Description of the task
The answer is the data repeated in full, with no pictures included.

Dataset content
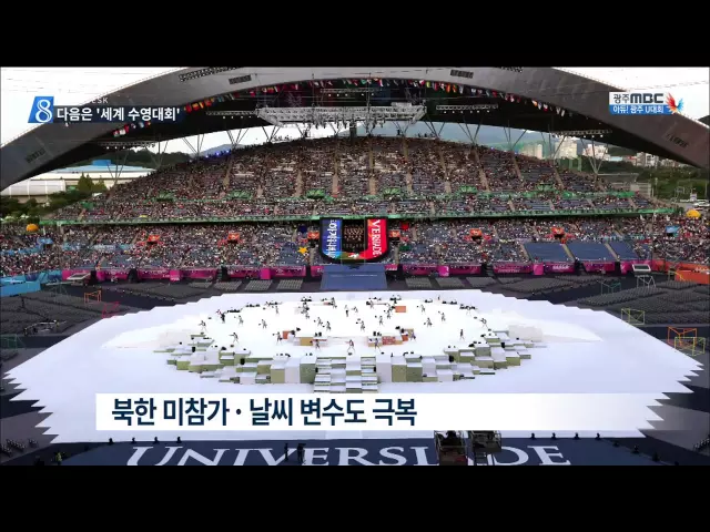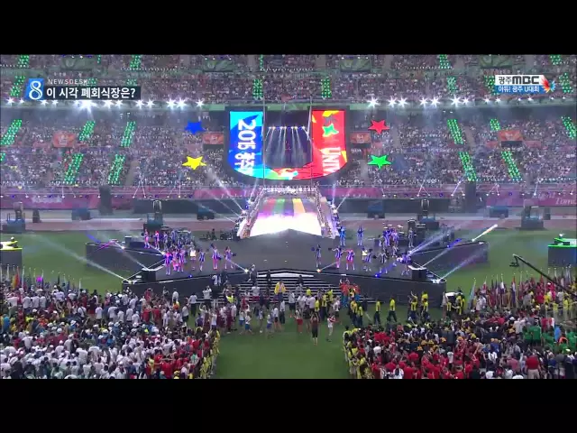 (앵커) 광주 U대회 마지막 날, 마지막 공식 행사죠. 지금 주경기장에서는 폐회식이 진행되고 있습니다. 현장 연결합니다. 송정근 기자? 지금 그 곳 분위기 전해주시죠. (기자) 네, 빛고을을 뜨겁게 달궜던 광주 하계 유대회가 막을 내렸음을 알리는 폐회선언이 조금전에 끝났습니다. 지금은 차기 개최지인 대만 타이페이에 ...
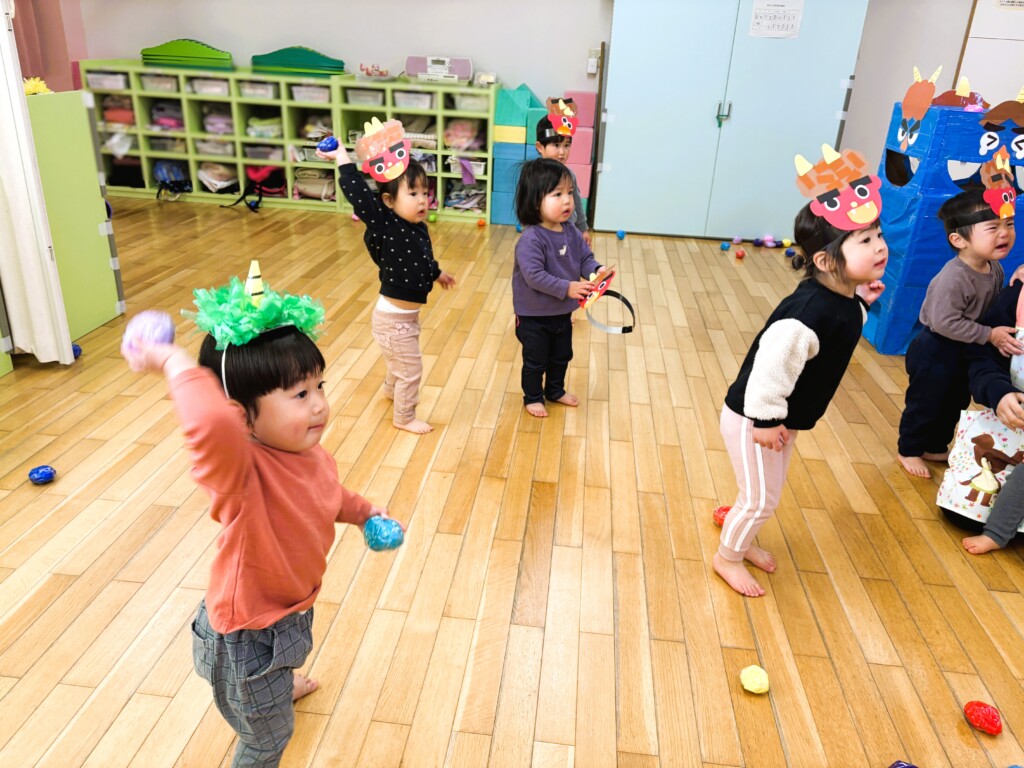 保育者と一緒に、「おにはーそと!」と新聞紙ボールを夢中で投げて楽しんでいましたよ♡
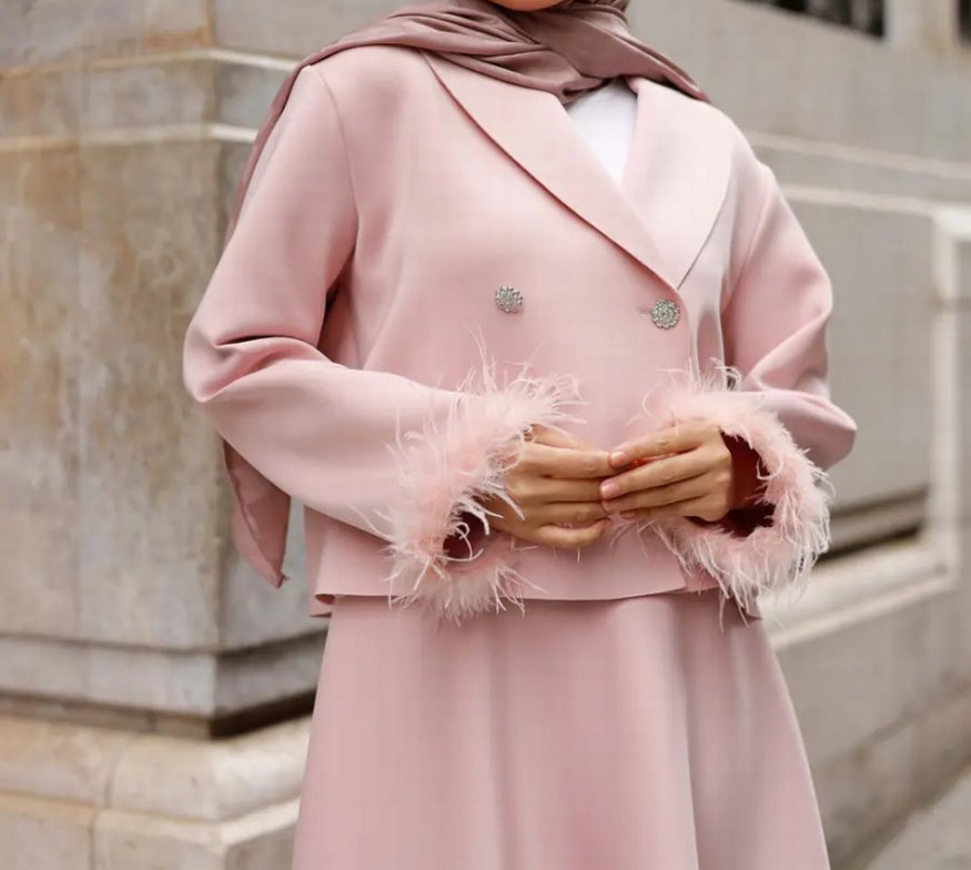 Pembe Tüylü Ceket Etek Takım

Solution to the exercise
 (앵커) 광주 U대회 마지막 날, 마지막 공식 행사죠. 지금 주경기장에서는 폐회식이 진행되고 있습니다. 현장 연결합니다. 송정근 기자? 지금 그 곳 분위기 전해주시죠. (기자) 네, 빛고을을 뜨겁게 달궜던 광주 하계 유대회가 막을 내렸음을 알리는 폐회선언이 조금전에 끝났습니다. 지금은 차기 개최지인 대만 타이페이에 ...
 保育者と一緒に、「おにはーそと!」と新聞紙ボールを夢中で投げて楽しんでいましたよ♡
 Pembe Tüylü Ceket Etek Takım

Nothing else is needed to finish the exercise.